Never store secrets like passwords, API keys, or certificates in Terraform files. Use external secret managers such as AWS Secrets Manager, HashiCorp Vault, or Azure Key Vault. Reference secrets via data sources or environment variables.

What happens if I delete a resource manually in the cloud console?
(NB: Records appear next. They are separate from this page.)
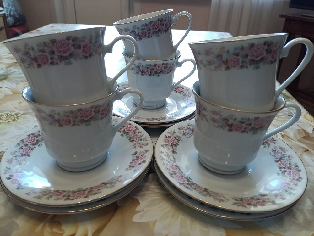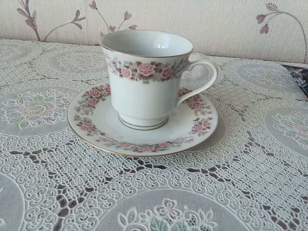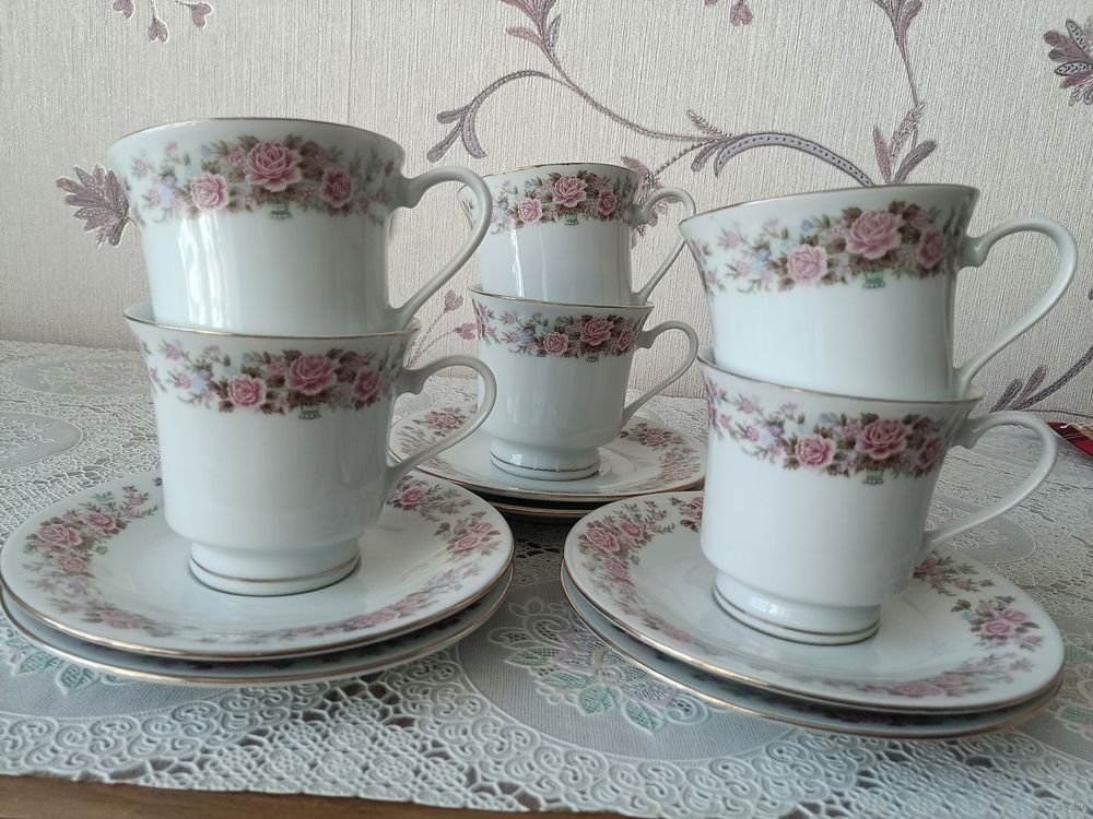 Изящные винтажные чайные пары с нежным рисунком и позолотой по краю 6 штук в идеальном состоянии
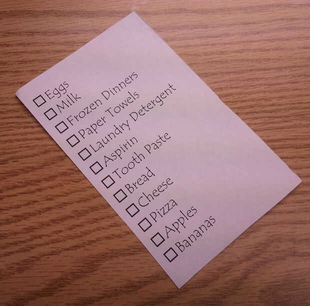 No somos los mejores en poner las listas en orden de ocurrencia del elemento en el almacén.  Como con las familias más ocupadas, nos escriban cosas como pensamos de ellos.  Aquí está una lista impresa de ejemplo para conseguir nosotros empezó.  Sé que la aspirina y la pasta de dientes será lo primero recoger en la tienda (siendo la primera área del ande), pero los artículos están en esta lista.  Aquí viene la técnica de plegado...
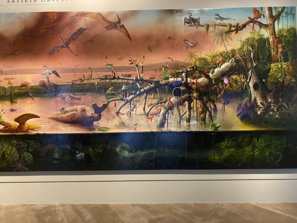 As soon as you enter the exhibit, you are greeted by Alexis Rockman’s monumental painting “Evolution.” It details the ecosystem of an Anthropocene swamp where visitors can view modern animals, prehistoric animals and hybrid creatures across the panoramic piece. The painting was later translated to glass when Rockman commissioned flameworker Vittorio Costantini to replicate the insects in the painting, resulting in over three hundred glass insects, some of which are displayed in a glass box in front of “Evolution.”
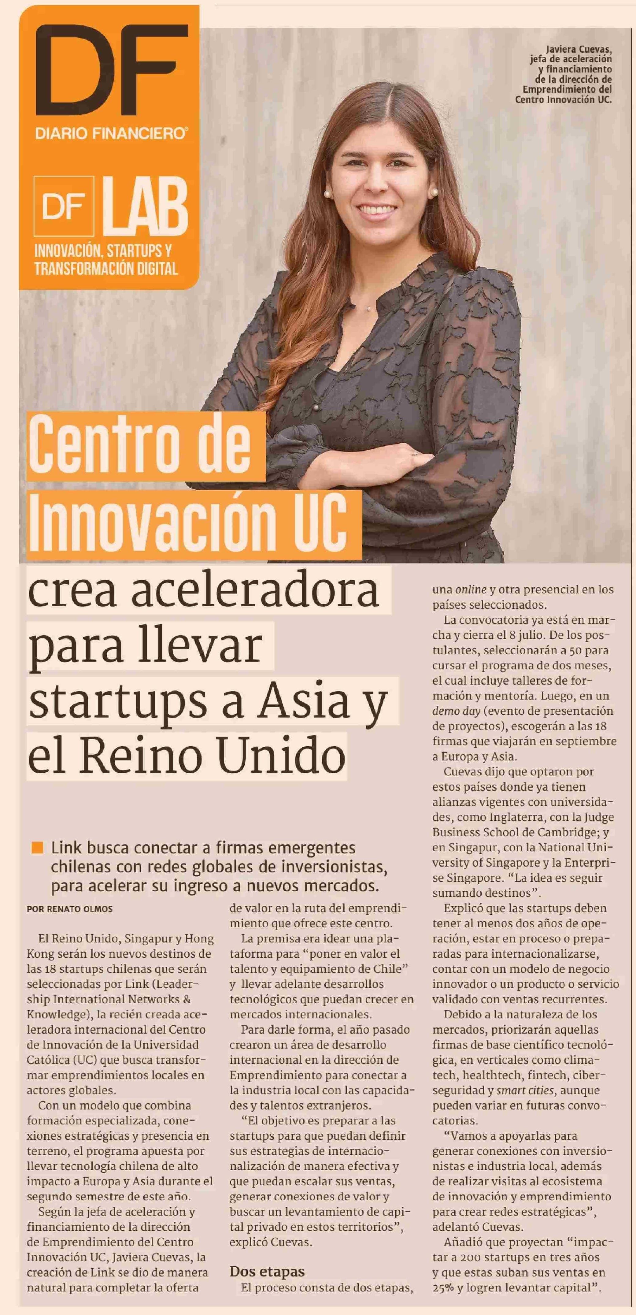 Centro de Innovación UC crea aceleradora para llevar startups a Asia y el Reino Unido 13-03-2025 Diario Financiero |
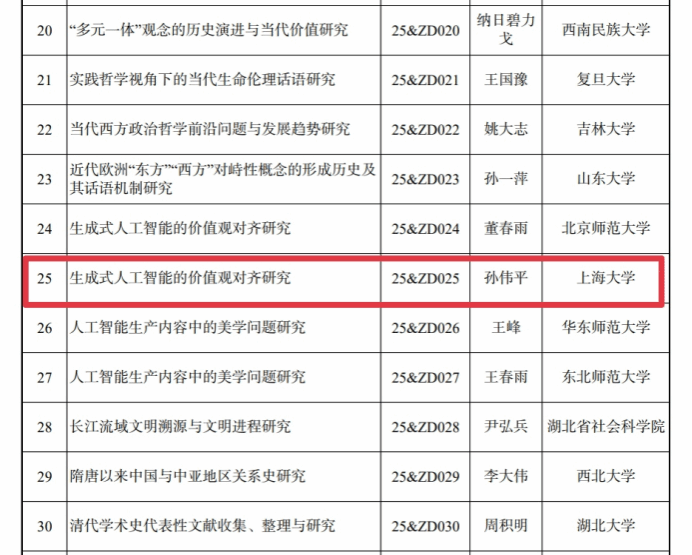 2025年12月19日,全国哲学社会科学工作办公室公布2025年国家社科基金重大项目立项名单。马克思主义学院孙伟平教授主持的《生成式人工智能的价值观对齐研究》(25&ZD025)获批国家社科基金重大项目立项!
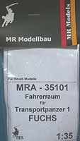 Wer den TPz Fuchs von Revell sein eigen nennt, der wird das Problem kennen - eine schöne große Frontscheibe, aber dahinter nur gähnende Leere. Abhilfe schafft hier der Zurüstsatz MRA-35101 von MR Modellbau - der Fahrerraum für den Fuchs.
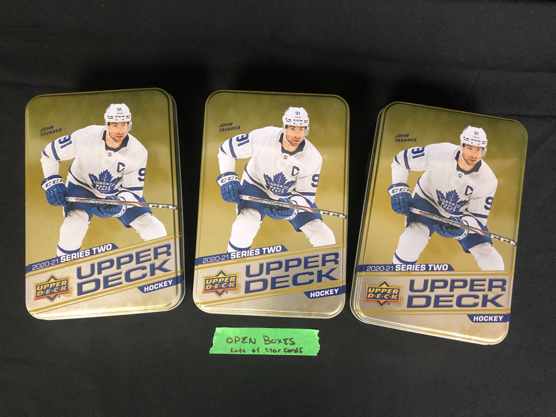 2020-21 UPPER DECK SERIES TWO HOCKEY TINS X3 (OPEN BOXES - LOTS OF STAR CARDS)
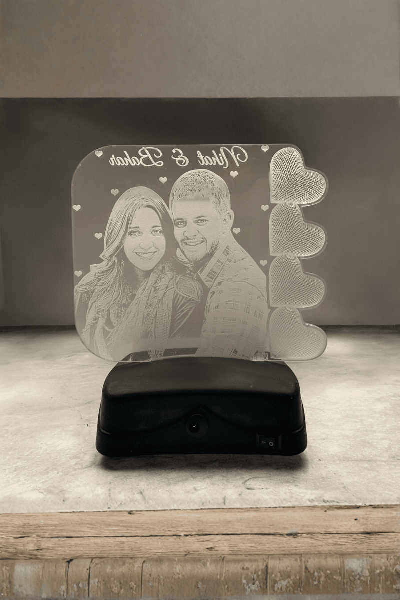 5 mm pleksiglass üzerine lazer işleme ile hazırlanır. Resim, isim, yazı ve tarih eklenerek tamamen size özel hale getirilir.
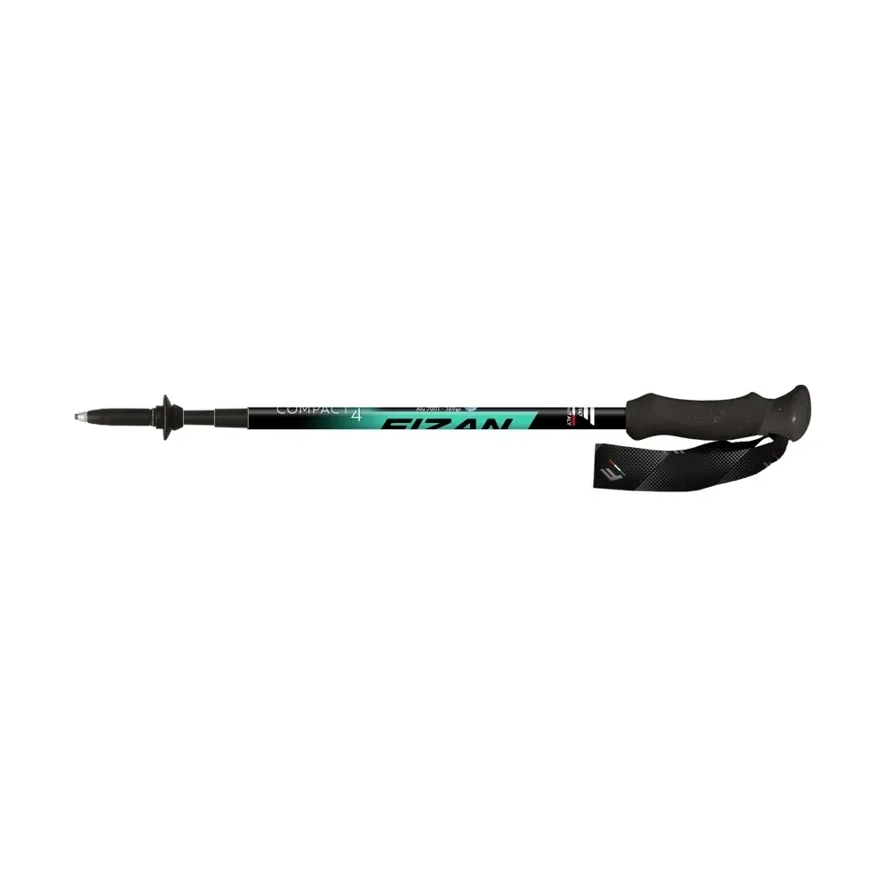Lightweight four-section aluminum trekking poles. The Compact 4 trekking poles are a more packable but slightly heavier alternative to the Fizan Compact. The folded length is 51 cm, and a single pole weighs 176 grams. The listed price is for a pair.
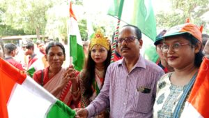 ନୁଆପଡ଼ା(ବିରବଲ ପ୍ରଧାନ): ଏବେ ସମଗ୍ର ଦେଶରେ ଅତ୍ୟନ୍ତ ଆନନ୍ଦ ଉଲ୍ଲାସର ସହିତ ହର ଘର ତ୍ରିରଙ୍ଗା ଉତ୍ସବ ପାଳିତ ହେଉଛି l ଆମ ରାଜ୍ୟରେ ମଧ୍ୟ ପ୍ରତି ଘରେ ତ୍ରିରଙ୍ଗା କାର୍ଯ୍ୟକ୍ରମରେ ଆଜି ନୂଆପଡା ସଦର ମହକୁମାରେ ଜିଲ୍ଲାପାଳ ମଧୁସୂଦନ ଦାଶଙ୍କ ନେତୃତ୍ୱରେ ଶହସ୍ରାଧିକ ଛାତ୍ରଛାତ୍ରି, ବିଭିନ୍ନ ବିଭାଗର ଅଧିକାରୀ ଏବଂ ଜନସାଧାରଣ ଏକ ବିଶାଳ ତ୍ରିରଙ୍ଗା ପଦଯାତ୍ରା ରେ ସହର ପରିକ୍ରମା କରିଥିଲେ l ସ୍ଥାନୀୟ ଷ୍ଟାଡ଼ିଅମ ପଡିଆରୁ ଏହି ଶୋଭାଯାତ୍ରାକୁ ଜିଲ୍ଲାପାଳ ସବୁଜ ପତାକା ହଲାଇ ଶୁଭାରମ୍ଭ କରିଥିଲେ l ସେଠାରୁ ଏହି ରାଲି ଭାରତ ମାତା ଏବଂ ଆମ ପ୍ରିୟ ଜାତୀୟ ପତାକା ତ୍ରିରଙ୍ଗାର ଜୟଧ୍ୱନି ଦେଇ ଅତ୍ୟନ୍ତ ଆନନ୍ଦ ଉତ୍ସାହର ସହିତ ଏକତା ଛକ ପର୍ଯ୍ୟନ୍ତ ଯାଇ ପୁଣି ଜିଲ୍ଲାପାଳଙ୍କ କାର୍ଯ୍ୟାଳୟ ପରିସରକୁ ଆସିଥିଲା l
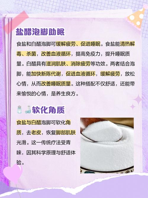用盐洗澡的好处主要包括以下几点:深层清洁与消炎杀菌:用盐洗澡可以深层清洁肌肤,有效消炎、杀菌,并能快速治愈小伤口,修复表皮。促进血液循环:盐水沐浴能提高温热浴的效果,促进血液循环,有助于缓解疲劳。止痒作用:食盐水具有杀菌作用,能有效改善出汗后身体发痒的情况。
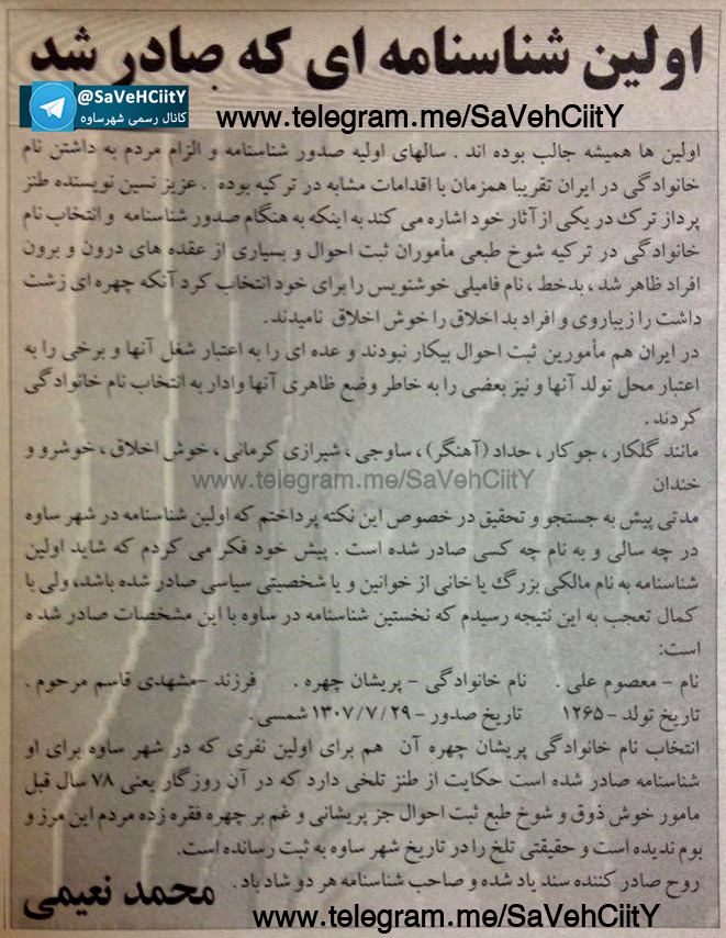 اولین شناسامه نام ونام خانوادگی در ساوه معصوم علی پریشان چهره 29 مهر 1308 شمسی
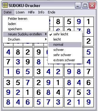Erstellen und drucken sie ganz einfach Sudoku-Rätsel in verschiedenen Schwierigkeitsstufen. Natürlich können sie auch dieses Programm zum Lösen dieser Rätsel nutzen.
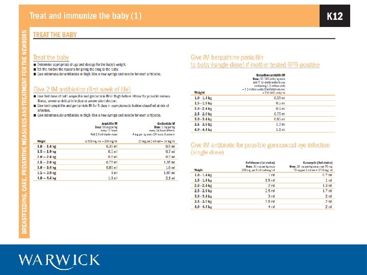 Neonatal infections • ‘rapid reductions in mortality are possible’ • ‘prevention of infection is mainly dependent on maternal health packages and programs such as antenatal care, hygienic care during childbirth and the postnatal period and early and exclusive breast feeding’
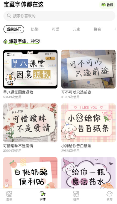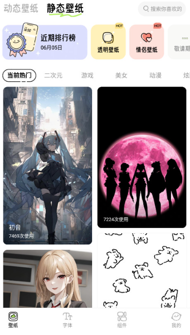启动绘色app后,可以在首页浏览或直接搜索你感兴趣的壁纸、字体等美化资源。
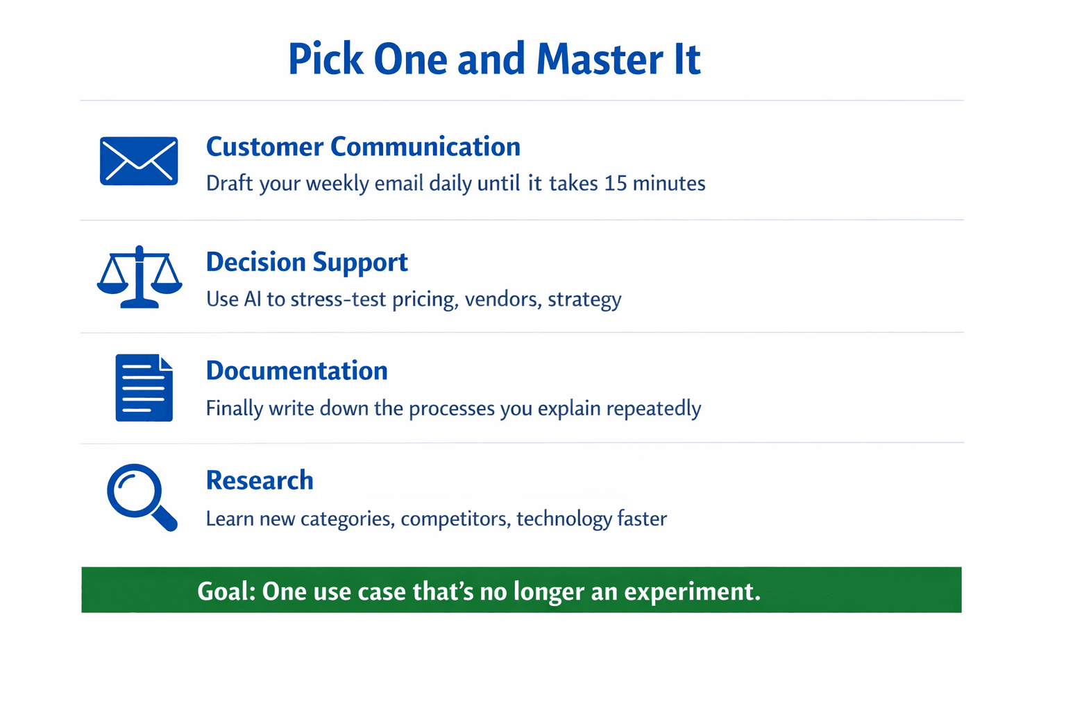 You've experimented broadly. Now select one use case and develop real proficiency.

Terraform maintains a state file that tracks the real-world resources. If you delete a resource manually, Terraform will detect the drift during the next plan or apply and attempt to recreate it. To avoid conflicts, always manage infrastructure through Terraform.

Can I use Terraform with Docker and Kubernetes?

Yes. Terraform has providers for Docker (to manage containers and networks) and Kubernetes (to deploy Helm charts, namespaces, and services). You can use Terraform to provision Kubernetes clusters and then deploy applications on them.

Is Terraform free to use?

Yes, the Terraform CLI and open-source providers are free. HashiCorp offers Terraform Cloud and Terraform Enterprise as paid services with advanced collaboration and governance features.

How do I roll back a Terraform change?

If you’ve committed your Terraform code to Git, you can revert to a previous commit and run terraform apply. Terraform will compare the new configuration with the current state and make the necessary changes to restore the previous infrastructure.

Why is my Terraform plan showing changes when I didn’t modify anything?

This is often due to state drift — a change made outside of Terraform, or a provider returning updated values (like a timestamp or random string). Use terraform refresh to update the state, or check for dynamic values in your configuration.

Conclusion

Writing Terraform scripts is not merely about typing code — it’s about adopting a disciplined, repeatable, and scalable approach to infrastructure management. By following the step-by-step guide in this tutorial, you’ve learned how to install Terraform, define resources, manage variables and outputs, organize code with modules, and implement secure, production-ready configurations.

Best practices such as version control, environment separation, and state management are not optional — they are the foundation of reliable infrastructure automation. Leveraging tools like tfsec, Checkov, and Atlantis further enhances your ability to deliver secure, auditable, and collaborative infrastructure changes.

The real-world examples demonstrated how Terraform can be applied to complex scenarios: from single EC2 instances to multi-tier web applications and managed Kubernetes clusters. These are not theoretical exercises — they are patterns used daily by engineering teams at Fortune 500 companies and high-growth startups alike.

As cloud infrastructure becomes increasingly complex, the ability to write clear, maintainable Terraform scripts will be a defining skill for modern DevOps and SRE professionals. Start small, iterate often, document thoroughly, and never underestimate the power of automation.

Mastering Terraform is not a one-time task — it’s a continuous journey of learning, refinement, and innovation. With the resources and practices outlined here, you now have the foundation to build, scale, and secure infrastructure with confidence.